Университет остался за спиной. Через минуту слева и справа за тротуарами из земли поднялись черные холмы, черные высокие стены — в узкой ложбине шоссе пересекало гребень Ленинских гор. Сверху мелькнул узкий мосток.
Говорят, в толще этих гор подземное озеро-водохранилище, что на случай беды бережет чистую, отфильтрованную воду для всего города. Запаса хватит надолго. Потихоньку вода утекает — кое-где, почти рядом с набережной, бьют из склона прозрачные вкусные ручьи.
С Воробьевых гор машина выскочила на Метромост; выскочила и повисла между небом и землей.
Внизу калачиком свернулась река. Крутой склон-подкова остался позади.

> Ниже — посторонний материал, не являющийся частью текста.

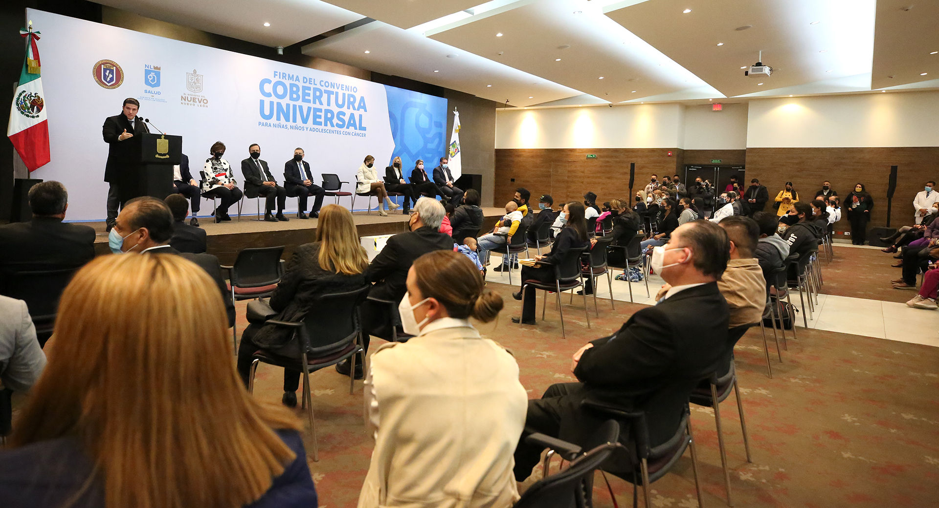El Gobernador Samuel Alejandro García Sepúlveda formalizó hoy con el Hospital Universitario el convenio para la cobertura universal de las niñas, niños y adolescentes con cáncer en el estado de Nuevo León, a través de un fideicomiso inicial de 230 millones de pesos.

Там черный лес, пустые ветки над темной водой. Мокрые тропки. А вокруг моста — облака. Близкие, рыхлые, редкие…
Ветер стих. Улеглась рябь на реке. И Леха увидел, как всплыли из-под воды облака-отраженья. Куда легче и прозрачней настоящих…
А дорога уже приближалась к земле. Впереди Комсомольский проспект. Город поворачивался к Лехе своим более центральным боком. А Леха задремал…
Он вылез из машины напротив арки. Поднял голову, посмотрел в свои темные окна. В полнеба уже — ночь. Вздохнул: вот я и дома.
Лехина голова мотнулась влево, он даже не понял, что это; но колени уже подгибались, кто-то подхватил его за пояс. Через мгновение Леха лежал в машине на полу перед задним сиденьем.
«BMW» с треснувшим бампером, присев на задние колеса, рванула с места. И сразу слилась с бликами фонарей в стеклянных лужах, с бесцветными в ночи машинами, со слепящим светом встречных фар дальнего света. Переулки и темные окна высоких домов приняли и растворили черную машину в своем необъятном желудке. Машина слилась с городом. Плывущим в ночи огромным неповоротливым городом.